▶ WHAT THE TASK ASKS
The required output is every line from the one containing "예외를 두고 있다by" through the last line of the listing below, copied exactly, pictures excluded.

▶ INFORMATION PROVIDED
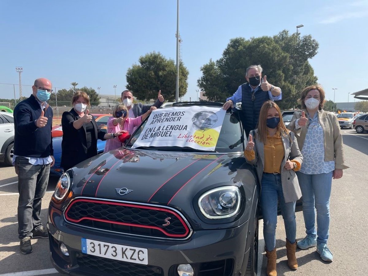 Durante el acto, coches y tractores han recorrido las calles con carteles con mensajes como 'Todos los niños hispanohablantes de la CV tienen derecho a estudiar en español' y 'Queremos aprender en la lengua de Miguel', en alusión al poeta Miguel Hernández.
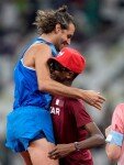 “공동 금메달도 가능한가요?” 카타르 남자 높이뛰기 대표 무타즈 바르심(30)은 1일 일본 도쿄 올림픽스타디움에서 열린 2020 도쿄 올림픽 육상 남자 높이뛰기 결선 도중 심판진에게 다가가 이렇게 물었다. 심판진은 “상대 선수도 동의한다면 가능하다”고 말했다. ‘상대 선수’이자 ‘절친’이었던 잔마르코 탐베리(29·이탈리아)의 대답도 물론 OK였다. 그렇게 올림픽 높이뛰기 역사상 첫 번째 공동 금메달이 나왔다. 두 선수는 이날 2m37을 1차 시기에 넘은 뒤 2m39에 도전했지만 3차 시기까지 모두 실패했다. 두 선수는 이날 2m24부터 2m35까지 전부 1차 시기에 성공했기에 모든 기록이 똑같은 상황. 국제육상경기연맹(WA)은 이럴 때 ‘승부뛰기’를 통해 순위를 가리도록 하고 있다. 높이를 조금씩 높여가면서 끝까지 살아남는 선수에게 높은 순위를 주는 방식이다. 단, WA 규정 26.8.4는 ‘참가 선수 전원이 승부뛰기 참가를 거부하면 공동 순위를 인정할 수 있다’고 예외를 두고 있다by
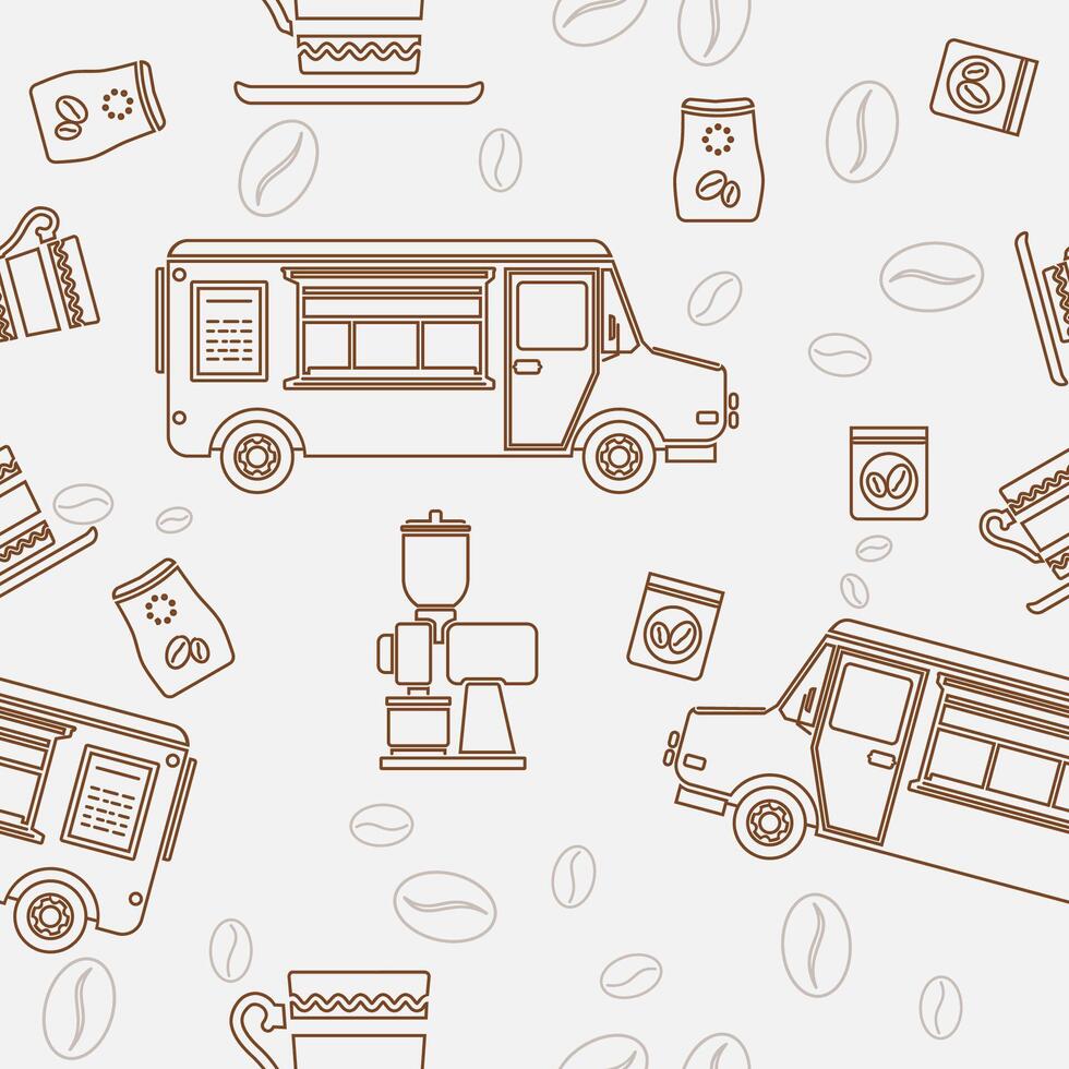 Editable Side View Mobile Coffee Van Shop With Brewing Equipment Vectorized Illustration Seamless Pattern in Outline Style for Creating Background of Cafe Related Concept Purposes Pro Vector

▶ COMPLETED EXERCISE
 “공동 금메달도 가능한가요?” 카타르 남자 높이뛰기 대표 무타즈 바르심(30)은 1일 일본 도쿄 올림픽스타디움에서 열린 2020 도쿄 올림픽 육상 남자 높이뛰기 결선 도중 심판진에게 다가가 이렇게 물었다. 심판진은 “상대 선수도 동의한다면 가능하다”고 말했다. ‘상대 선수’이자 ‘절친’이었던 잔마르코 탐베리(29·이탈리아)의 대답도 물론 OK였다. 그렇게 올림픽 높이뛰기 역사상 첫 번째 공동 금메달이 나왔다. 두 선수는 이날 2m37을 1차 시기에 넘은 뒤 2m39에 도전했지만 3차 시기까지 모두 실패했다. 두 선수는 이날 2m24부터 2m35까지 전부 1차 시기에 성공했기에 모든 기록이 똑같은 상황. 국제육상경기연맹(WA)은 이럴 때 ‘승부뛰기’를 통해 순위를 가리도록 하고 있다. 높이를 조금씩 높여가면서 끝까지 살아남는 선수에게 높은 순위를 주는 방식이다. 단, WA 규정 26.8.4는 ‘참가 선수 전원이 승부뛰기 참가를 거부하면 공동 순위를 인정할 수 있다’고 예외를 두고 있다by
 Editable Side View Mobile Coffee Van Shop With Brewing Equipment Vectorized Illustration Seamless Pattern in Outline Style for Creating Background of Cafe Related Concept Purposes Pro Vector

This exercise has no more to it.